Indian fusion cooking is what’s in these days says Shazia Khan, Masterchef India Season 2 runner up. That’s what she worked on in her recent cooking demonstration at the Chancery Pavillion where she worked on vegetarian fusion recipes, calling it a wedding between Indian and international cuisines.

“We have basically given Indian food an international twist by taking recipes, this time from France and Italy using our flavours in those recipes.”

Shazia worked on six different dishes including polenta using sooji or rava instead of corn meal, inspired by uppitu or kesari bhaath ; masala crepes with an Indian filling or deconstructedgajar halwa on the lines of a panna cotta.

This is her fourth show in Bangalore. She has already done a few cooking shows in the South, in Chennai, Hyderabad and Mysore.

“I have been passionate about cooking since childhood. I first attempted cooking when I was 9 years old, I tried to make custard with fruits. I come from a family of good cooks — my parents and my grandmother were great cooks. But it’s only after I got married that I was encouraged by friends and family. We always have lots of get-togethers and parties and I used to cook for them and I was motivated further once my kids were born.” It was her kids who pushed her to enter Masterchef after watching Season 1.

Though Shazia never took any formal cooking classes, she picked up recipes from the internet and from TV shows, watching Nigella and Sanjeev Kapoor. “And I learnt a lot in Masterchef. I got to know so many new ingredients and I tried new dishes that were out of my comfort zone. I realized that presentation is also important.

Being a home cook I never really paid much attention to it earlier. And learning how a professional kitchen works obviously broadened my perspective.” Meeting Vikas Khanna, who runs a Michelin-star restaurant in New York, was also inspiring.What Shazia loves cooking now, post- Masterchef is Indian fusion and modern Indian cuisine. “Modern Indian cuisine is where old recipes are tweaked and presented stylishly, like in Masterchef .

It’s about giving a desi twist to simple ingredients and presenting it differently. If fusion is about making cheesecake with gulab jamun and gulkhand then modern Indian is about making dal using, say, zucchinis and presenting it well.”

She is now working on opening a cooking school for the underprivileged who are passionate about cooking but can’t afford a cooking school. “So we will give them basic training on cooking and etiquette, so that they can then be placed in good jobs or households where they can earn a better living.
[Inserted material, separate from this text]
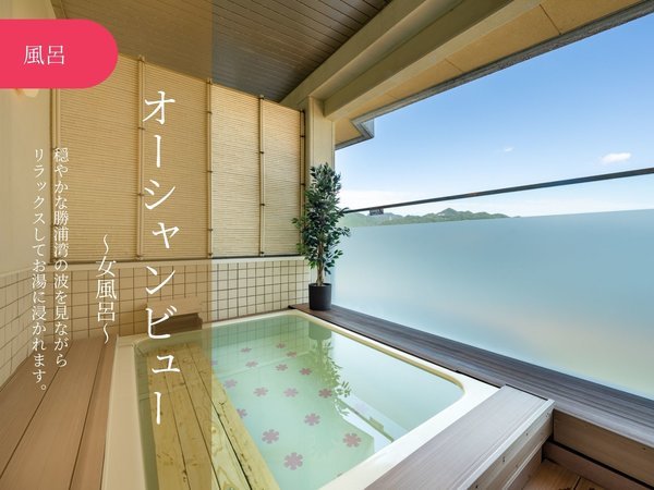 穏やかな勝浦湾の波を見ながらリラックスしてお湯に浸かれるオーシャンビューの女風呂

The location has been finalised, so the school should be ready the end of the year.”

She is also working on two recipe books, one on food that is close to her heart and another on age-old recipes from different cuisines.

“So if we have a section on biryanis in the second book, we will have about 20 different kinds. India is one place where the food changes every 60 kms and one dish has about 10 versions. So in the book we will be bringing recipes that have been passed down in the family in different parts of the country, focusing on Malabari, Hyderbadi and Mughlai.”